Oh Ya Tuhan! Junmyeon merasa jika nafasnya mendadak sesak saat ini. Luhan teman sekelasnya, Luhan si pangeran dari negeri Tiongkok, Luhan yang memegang tahta kepopuleran di sekolahnya, dan Luhan sahabatnya menyukai Wu YiFan, seseorang yang telah mencuri hati Junmyeon sejak enam bulan yang lalu. Haruskah mulai sekarang ia bersaing dengan Luhan? Hell yeah! Luhan begitu populer, semua siswa sekolahnya mengelu-elukan dia, walaupun Junmyeon sendiri juga populer di kalangan siswa berprestasi. Tapi Luhan juga tidak kalah berprestasi, dia pernah membawa nama sekolahnya menjadi juara pertama perlombaan sepak bola antar sekolah, dan dia juga lumayan pintar terlebih dia memiliki wajah yang cantik yang mampu membuat setiap orang iri melihatnya. Sedangkan dia?
Junmyeon menghela nafasnya, haruskah dia menyerah untuk YiFan?

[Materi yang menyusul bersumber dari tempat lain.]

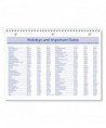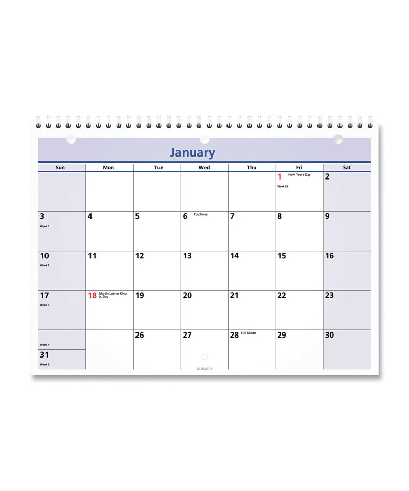Yellow highlighted section for notes and to-do's. One month per two-page spread with unruled blocks; shaded weekends; QuickNotes® section on top page. Current, two past and two future months reference; federal holidays highlighted. Wirebound and three-hole punched for binder use or hanging. Printed on high-quality paper with superior ink bleed resistance.

"Junmyeon, apa kau mendengarku?" Luhan sedikit menggoyang bahu pemuda Kim itu.
"Huh? Ya, aku mendengarmu. Lalu apa yang bisa aku lakukan?"

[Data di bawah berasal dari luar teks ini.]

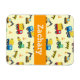A cute and colourful construction vehicles theme pattern magnet for the boys. The pattern is make up of lots of construction elements like a red and yellow dump truck carrying the debris, an orange excavator, a green front loader pushing dirt, a blue and yellow concrete mixer, orange and white cones and a yellow and black construction zone barrier. Personalise child's name within space available. Perfect for boys who love construction vehicles, toys and machines!

Kini Luhan tampak malu, "Kau... bisakah kau membantuku agar lebih dekat dengan Kris? Aku meminta bantuanmu karena aku tahu kau sahabat terdekatnya. Jadi... bisakah?"

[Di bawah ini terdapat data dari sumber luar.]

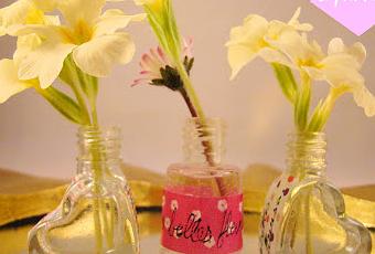 Voilà comment j'en suis venue à transformer des flacons de vernis en mini-vases. J'ai récupéré des flacons de vernis trop vieux ou finis. Pour les nettoyer, j'ai utilisé quelques gouttes de dissolvant (pas besoin d'en mettre beaucoup). On referme et on agite le flacon dans tous les sens pour bien enlever les vernis sur les parois. J'ai ensuite transvasé le dissolvant dans le flacon suivant et ainsi de suite. Après le dernier flacon, j'ai versé le mélange dissolvant/vernis sur du papier absorbant et hop dans la poubelle (pas dans l'évier hein!).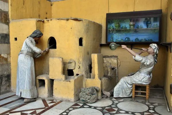 1/ Glassblowing was invented by Syrian craftsmen in the area of Sidon, Aleppo, Hama, and Palmyra in the 1st century BC, where blown vessels for everyday and luxury use were produced commercially, and exported to all parts of the Roman Empire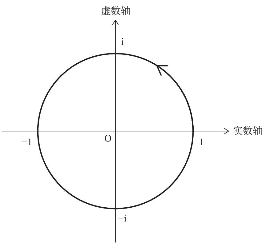 你如果将图3–4中单位圆的概念叠加在图3–6的复平面上,就会得到图3–7,一个以实数轴和虚数轴的原点为中心的单位圆。数字+1对应于 θ =0,i对应于 θ =π/2或90°,–1对应于 θ =π或180°,–i对应于 θ =3π/2或270°。(你也可以沿逆时针方向旋转,则令–i对应于 θ =–π/2或–90°,以此类推。)但下面才是精彩的部分。如果你将1沿圆周移动到i,你就让它旋转了90°。换言之,旋转90°将数字1变成了数字i所在的位置,如同你写出1×i=i时一样。现在,将i旋转90°就得到了–1,如同i 2 =–1一样。乘上虚数似乎确实等价于一次简单的旋转。所以,复平面的奇妙之处就在于,它展示了虚数是如何与实数产生联系的,即通过几何旋转。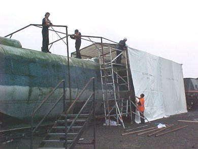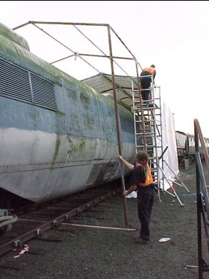 The two Steve's and Richard working on securing the frame and protecting the corners from rubbing the cover.

Junmyeon tampak berpikir, lalu berkata, "Kau tenang saja, aku akan membantumu." Junmyeon berusaha untuk tersenyum. Geezz... apa baru saja ia menyetujui permintaan Luhan? Membantu temannya untuk mendapatkan cintanya.
"Aku tahu kau pasti akan membantuku, gomawo Junmyeon." Ucap Luhan sambil memamerkan senyum manisnya. Oh! Lihatlah sekarang pemuda cantik itu terlihat begitu senang. Kim Junmyeon kau memang benar-benar sahabat yang baik!
.
*Ω¤-KRISHO-¤Ω*
.
Sepuluh menit setelah bel pulang menggema, Junmyeon tengah berjalan bersama dengan Luhan menuju parkiran. YiFan telah memberitahunya lewat pesan jika ia sudah berada di parkiran. Junmyeon menghela nafas, ia berencana akan membatalkan acaranya dengan YiFan semenjak Luhan memintanya untuk membantunya.
"Junmyeon, benar tidak apa jika aku pulang dengan Kris? Lalu bagaimana denganmu nanti? Kau akan pulang dengan siapa?" tanya Luhan bertubi-tubi.
"Kau tenang saja, Lu. YiFan pasti akan setuju. Mengenai aku... Kau tidak perlu khawatir, aku bisa naik bus nanti." Ujar Junmyeon sambil tersenyum lalu mengalihkan pandangannya ke depan, terlihat YiFan tengah duduk di atas motornya sambil memainkan ponselnya.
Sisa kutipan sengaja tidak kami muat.